To save the file as JSON, add -o xx.json to the end of the startup command.

Scrapy crawl douban -o result.json

Scrapy defaults all data to ASCII when using JSON encoder, so we need to set the data encoding to UTF-8.

Just add FEED_EXPORT_ENCODING = ‘UTF-8’ in settings.py.

At this time, the data can be seen in Chinese normal display.

About 2000 pieces of data are generated at this point.

summary

At this point, we’ve done a preliminary crawl of douban movies and reviews, and while we’ve done it, it feels like “I just wrote the code to parse the page and type in the crawler to start it, and Scrapy does everything from page requests to data generation.” We need to explore what scrapy is doing when we start with scrapy crawl douban -o result.json.

How does Scrapy work?

For those of you who are interested in learning about Scrapy, please save the diagram below, which is particularly important for learning about Scrapy.

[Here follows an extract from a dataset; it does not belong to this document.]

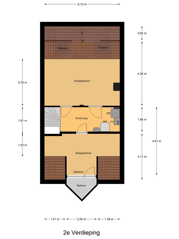 - De tussenwoning heeft een woonoppervlakte van 145 m² en beschikt over 6 kamers, waarvan 5 slaapkamers;
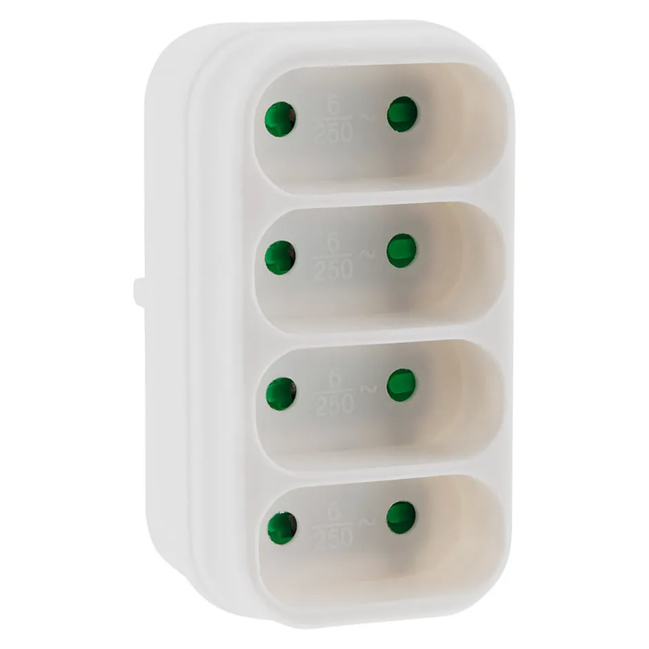 Multiprise 4 prises façade. Couleur(s) : blanc. Intégration en façade murale. Puissance maximale par prise : 6A. Utilisation recommandée : chargeurs, lampes, petits appareils électriques. Discrète et fonctionnelle, idéale pour optimiser l’espace. Adaptée à différents environnements (domestique ou professionnel). Sécurité contre les surcharges et courts-circuits. Solution pratique pour étendre les points de branchement électriques. Installation facile et discrète en façade. Permet de connecter plusieurs équipements simultanément. Fiabilité renforcée grâce aux dispositifs de sécurité

When we type scrapy crawl douban -o result.json, our scrapy does the following

The Crawler receives the crawl command, activates the Spider with name douban, creates the Engine, and launches our DoubanSpider.
When a DoubanSpider is created, Engine detects the request queue for the Spider, which is our orstart_requests method for the start_urls property. Both of these must be iterable, so you can understand why the start_requests method in our sample code uses yield throws. At this point, Request objects are generated, and all Request objects will first pass through the middleware of Spider Middlewares. At this stage, we only need to understand the middleware as a bridge, we don’t have to dig into what is on the bridge.
The Request object generated by the Spider is sent through the Engine to the Scheduler. The Scheduler queues all requests. Once it can be scheduled, The Request reaches the Downloader through the Downloader Middlewares, and the Downloader accesses the specified Internet resource based on the requested content asynchronously.
When a Downloader completes a Request task, it wraps the resource into a Response containing information about the original Request, a wrapped parser, etc. In this example, we can see that the Request thrown in parse_rank carries meta data. The meta continues to be stored in the response of parse_comments.
The Downloader Middlewares bridge and the Engine and Spider Middlewares return all responses to the corresponding Spider and activate the corresponding callback function. The last step is to execute the code we wrote in the Parse method. The steps (3-5) are repeated when Parse throws the Request object again.
When the Spider throws an Item, it goes through the Spider Middlewares again to the Item Pipeline, but we don’t specify any action on the Item Pipeline so it just throws the Item, and then the logger catches the output, Since we are using the -o directive, OUR exporter exports the item to the appropriate format, and we have the result.json data set that we specify.

conclusion

Now that we’ve covered how to use Scrapy to create a simple crawler and how it works, we’ll take a closer look at the other components of Scrapy and how to use them to break through crawlers.

Such as the above views wrong welcome yazheng!